What you have to do: Write out exactly, and only, the lines below from the line with "Das liebevoll handgefertigte" through the line with "Spirituality is developed"; pictures do not belong in the copy.

Data records:

§

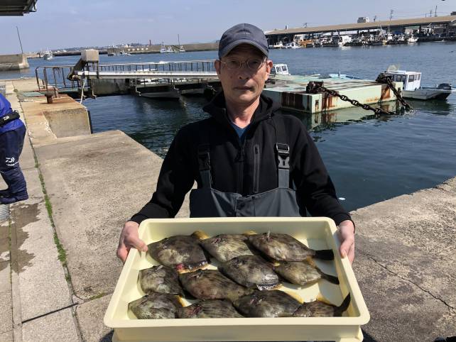 竿頭の名人はアサリ餌でカワハギゲット!
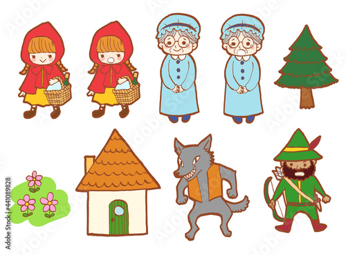 Obraz premium 赤ずきんちゃんのイラスト登場人物セット
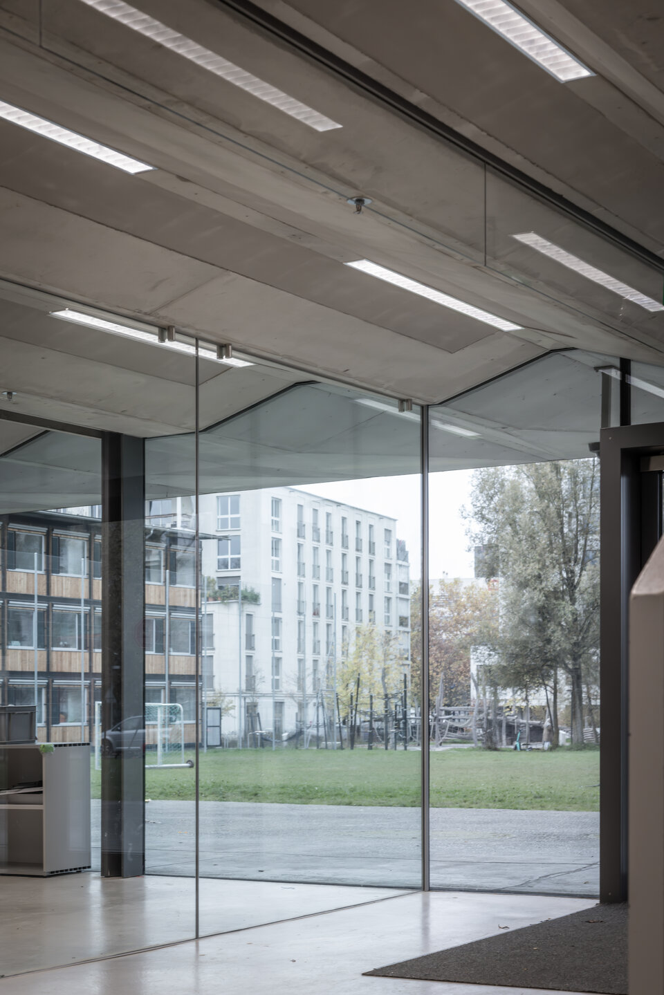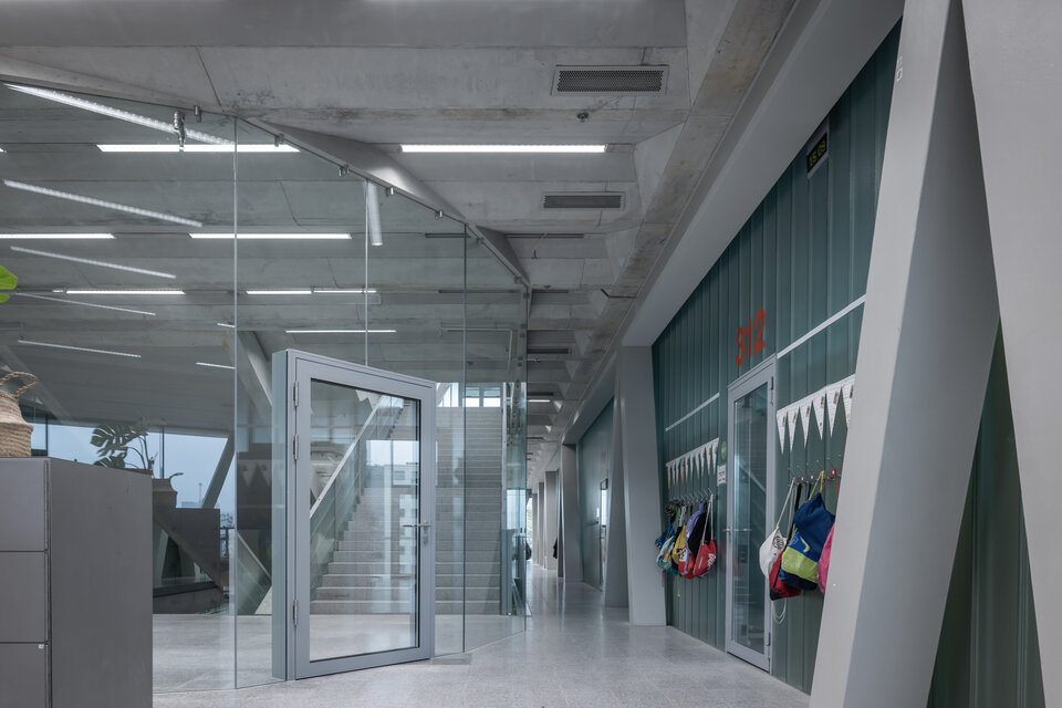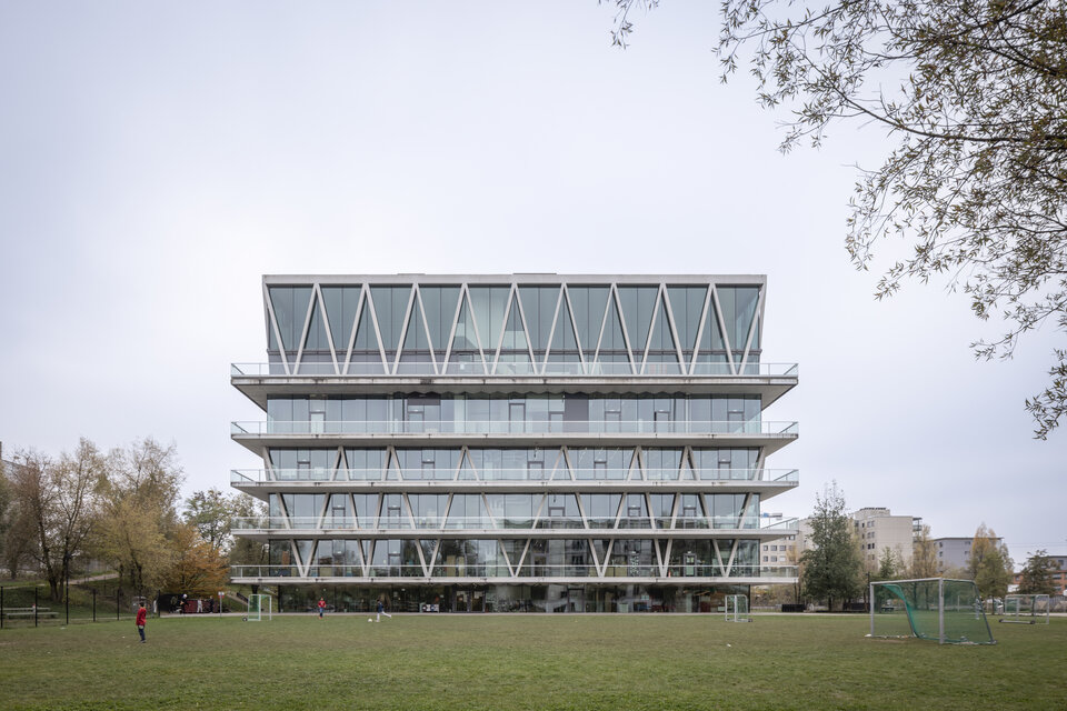 With 22 classrooms, a double sports hall, a multifunctional room, a canteen, a kindergarten, and various workshops, the Leutschenbach School building in Zurich, built in 2009, is one of the largest in the city. Unlike the classic, horizontal structure of many schools, the rooms here are stacked vertically within a compact building block across three floors.
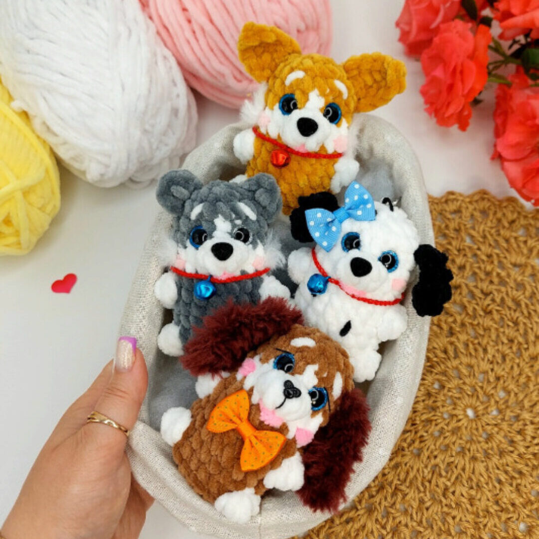 Ростиком 12 см, с учётом хвостиком 17 см. ПРИШИВАТЬ НИЧЕГО НЕ НУЖНО! В мк входит описание 7 игрушек + корзиночка Лисичка, Доберман, Овчарка, Хася, Коржик, Енотик, Котик
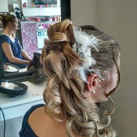 Et voilà les essais sont faits voilà ce que ça donne! Chignon sur le côté avec cheveux bouclés 😁
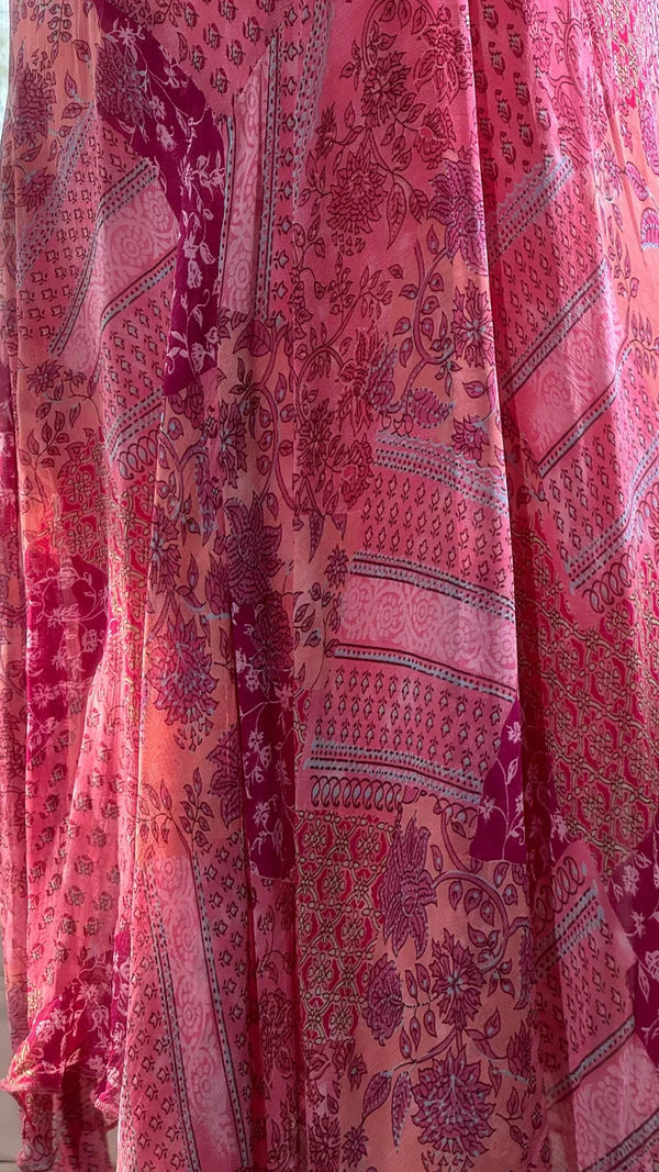 Pink Print Floral Mermaid Spaghetti Straps Chiffon Prom Dress Evening Dress HZ1023
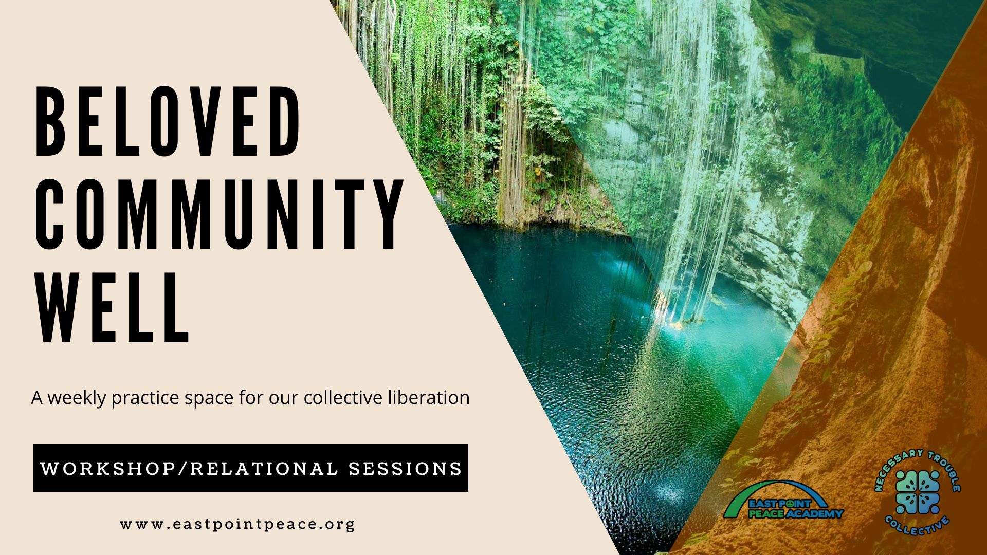 Beloved Community Well is a weekly practice space to build skills and connections for people committed to healing, justice and wholeness. Each week we will rotate between workshop sessions where facilitators will offer content on topics relevant to nonviolent movement work and relational sessions where people can give and receive support. This project is a collaboration between East Point Peace Academy and the Necessary Trouble Collective. Learn more.
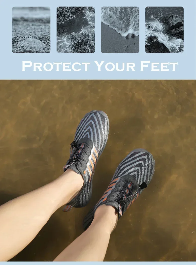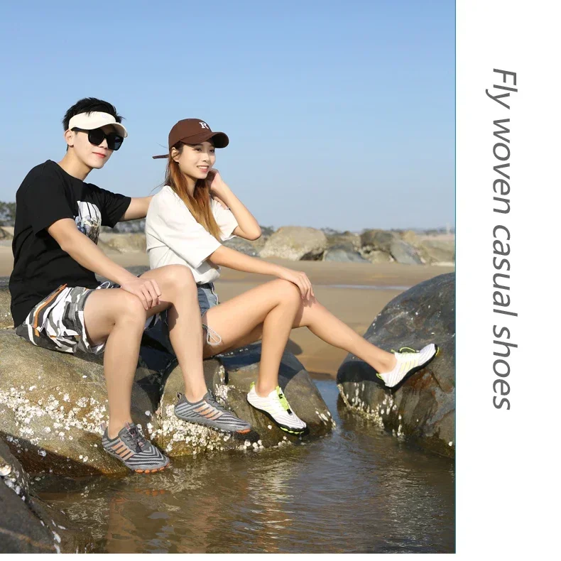 Respirável e de secagem rápida:As partes superiores dos sapatos aquáticos são feitas de tecido de malha elástico e respirável para flexibilidade e conforto.A água pode fluir rapidamente, tornando o ambiente do calçado mais fresco, seco e saudável.
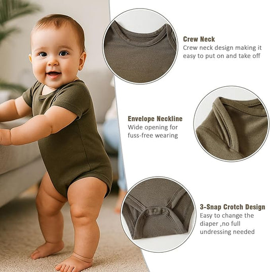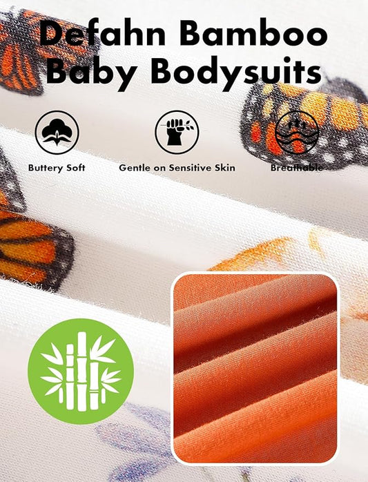 DEFAHN 2PCS Visocse from Bamboo Baby Rompers Unisex Onsies Solid Short Sleeve Baby Bodysuit 0-24 Months
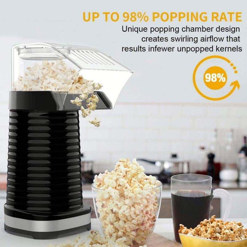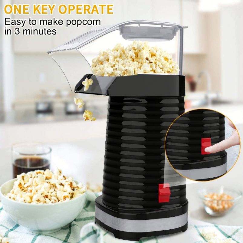 เครื่องทำป๊อปคอร์นซิลิโคนด้วยลมร้อน1200W เครื่องทำป๊อปคอร์นไฟฟ้าได้รับการรับรอง ETL อัตราการเต้นของ98% 3นาทีที่เป็นมิตรต่อสิ่งแวดล้อม
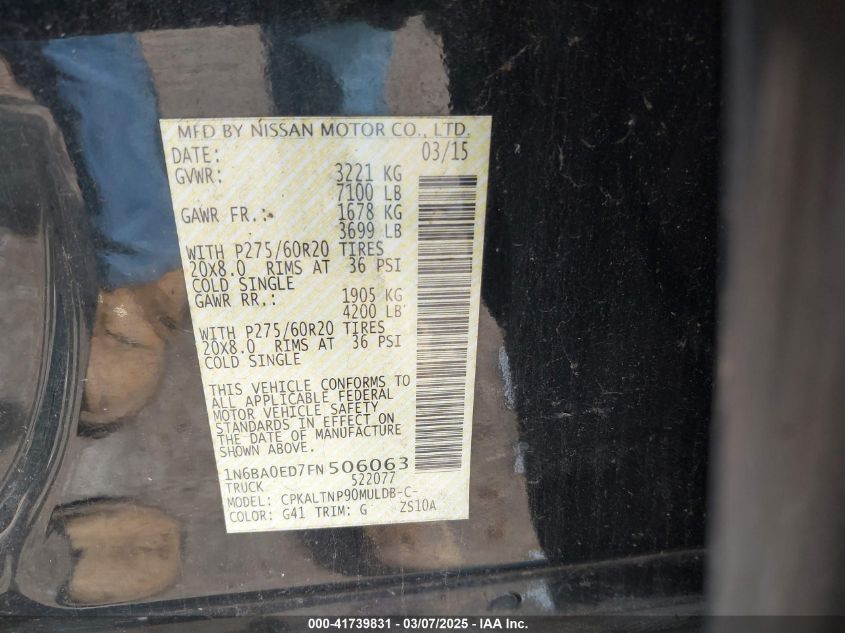 2015 NISSAN TITAN 2015 року Бензин, 5.6, Неизвестно, vin - 1N6BA0ED7FN****** из США
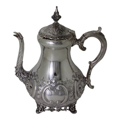 Embossed Coffee Pot English Silver Plate c.1850. SKU #: ANT1681.
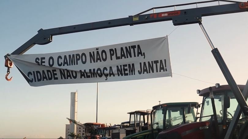 Os cartazes, em sua maioria, pedem o andamento do Projeto de Lei 320/25, o PL da Securitização, que prorroga as dívidas dos produtores rurais por um prazo de 20 anos e oferece melhores condições de pagamento.
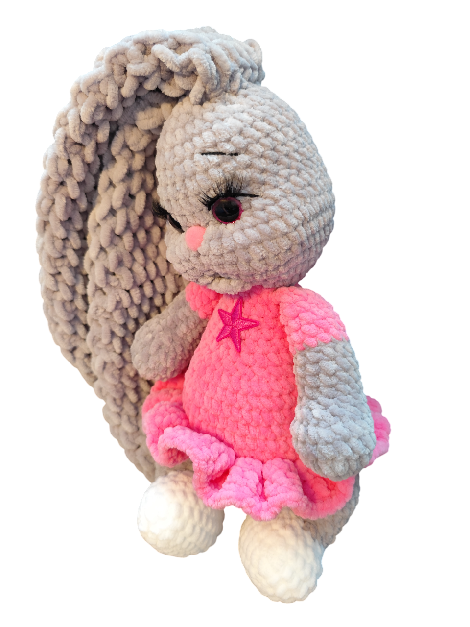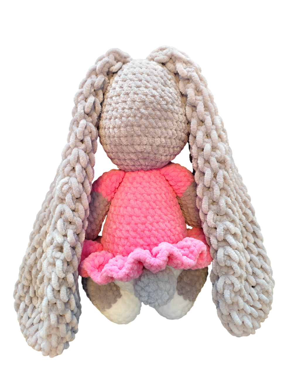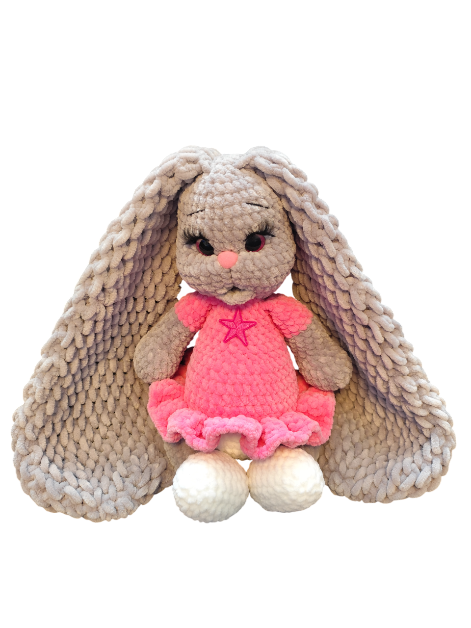 Das liebevoll handgefertigte Plüschhäschen "Mari" wurde nach der Anleitung von @mari.toys.for.you mit viel Herzblut gestaltet. Es ist etwa 30 cm groß und verfügt über bezaubernde, ca. 33 cm lange Ohren, die zum Kuscheln einladen. Das Häschen ist in einem zarten Grau gehalten, während Kleid und Mütze in einem hübschen Rosa gestaltet sind und das Häschen mit einem weißen Höschen perfekt abrunden.
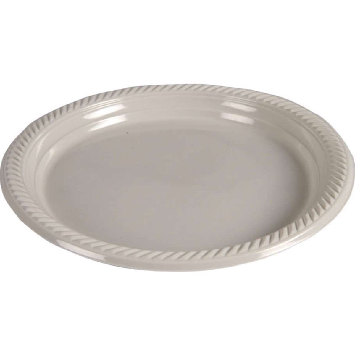 Lysegrå tallerken fremstillet i PP(Polypropylen plast), som egner sig til flergangsbrug og en tur i opvaskemaskinen og mikroovnen. Tallerkenen er fremstillet af 100 % genanvendelig PP ved korrekt sortering. Produktet er testet og har bestået 125 vaskecyklusser iht. EN 12875-1:2005, og er testet i både opvaskemaskine og industriopvaskemaskine, hvor slutskyllet havde en temperatur på 81°C. Måler 26 cm i diameter og indeholder 25 stk./pk.
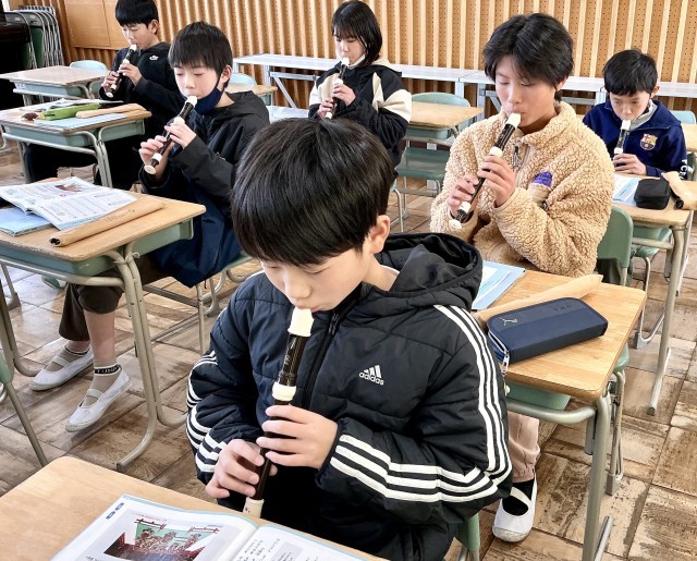 6年生 音楽科 越天楽今様をリコーダーで奏でる
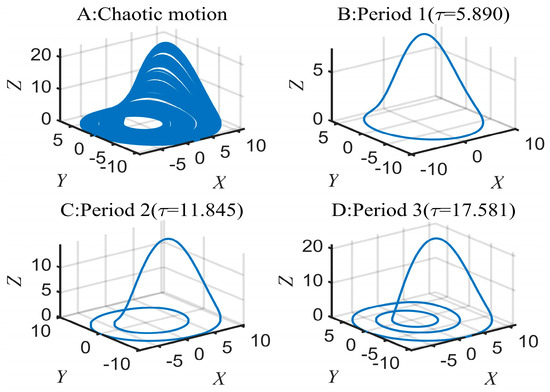 Given the initial value , , , and parameters , , , the uncontrolled system (i.e., u(t) = 0) will exhibit chaotic behavior, as shown in Figure 7A. Take the control function . The results shown in Figure 7B,C are the periodic solutions of the controlled system with the time delay as either 5 or 6, both with the feedback gain of .
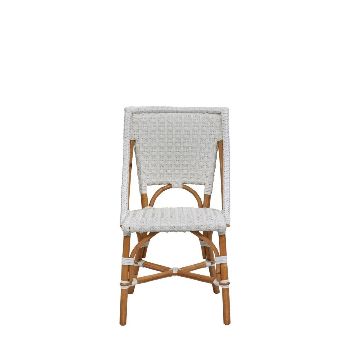 The set of 2 classic Parisian bistro chair, reinvented with a square back and star pattern. Each rattan frame is crafted by hand. The handwoven seats offer just enough give to keep things comfortable. They’re also incredibly durable and a breeze to clean, making them fabulously family-friendly and great for dining spaces. SOLD IN PAIRS ONLY. Available in White and Navy/White. White shown.
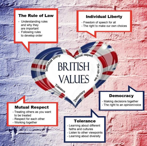 Spirituality is developed through British Values by encouraging pupils to act with respect, integrity and kindness towards others.
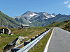 Der Weg hinunter in den Zielort Splügen ist schnell erklärt und ebenso schnell durchfahren. Fast direkt an der Passhöhe beginnt ein sehr kurven- und kehrenreicher Abschnitt, bei dem alle Richtungswechsel im offenen Gelände liegen. Ist grade wenig Verkehr unterwegs, was leider eher selten der Fall sein soll, ist dieser Abschnitt herrlich zu fahren. Während der Fahrt hat man zudem die Berge hinter Splügen die meiste Zeit im Blick. Dabei handelt es sich um einige schneebedeckte 3000er, der mit der im Wolkenschatten liegenden Spitze ist das Teurihorn.

§

Completed exercise:
 Das liebevoll handgefertigte Plüschhäschen "Mari" wurde nach der Anleitung von @mari.toys.for.you mit viel Herzblut gestaltet. Es ist etwa 30 cm groß und verfügt über bezaubernde, ca. 33 cm lange Ohren, die zum Kuscheln einladen. Das Häschen ist in einem zarten Grau gehalten, während Kleid und Mütze in einem hübschen Rosa gestaltet sind und das Häschen mit einem weißen Höschen perfekt abrunden.
 Lysegrå tallerken fremstillet i PP(Polypropylen plast), som egner sig til flergangsbrug og en tur i opvaskemaskinen og mikroovnen. Tallerkenen er fremstillet af 100 % genanvendelig PP ved korrekt sortering. Produktet er testet og har bestået 125 vaskecyklusser iht. EN 12875-1:2005, og er testet i både opvaskemaskine og industriopvaskemaskine, hvor slutskyllet havde en temperatur på 81°C. Måler 26 cm i diameter og indeholder 25 stk./pk.
 6年生 音楽科 越天楽今様をリコーダーで奏でる
 Given the initial value , , , and parameters , , , the uncontrolled system (i.e., u(t) = 0) will exhibit chaotic behavior, as shown in Figure 7A. Take the control function . The results shown in Figure 7B,C are the periodic solutions of the controlled system with the time delay as either 5 or 6, both with the feedback gain of .
 The set of 2 classic Parisian bistro chair, reinvented with a square back and star pattern. Each rattan frame is crafted by hand. The handwoven seats offer just enough give to keep things comfortable. They’re also incredibly durable and a breeze to clean, making them fabulously family-friendly and great for dining spaces. SOLD IN PAIRS ONLY. Available in White and Navy/White. White shown.
 Spirituality is developed through British Values by encouraging pupils to act with respect, integrity and kindness towards others.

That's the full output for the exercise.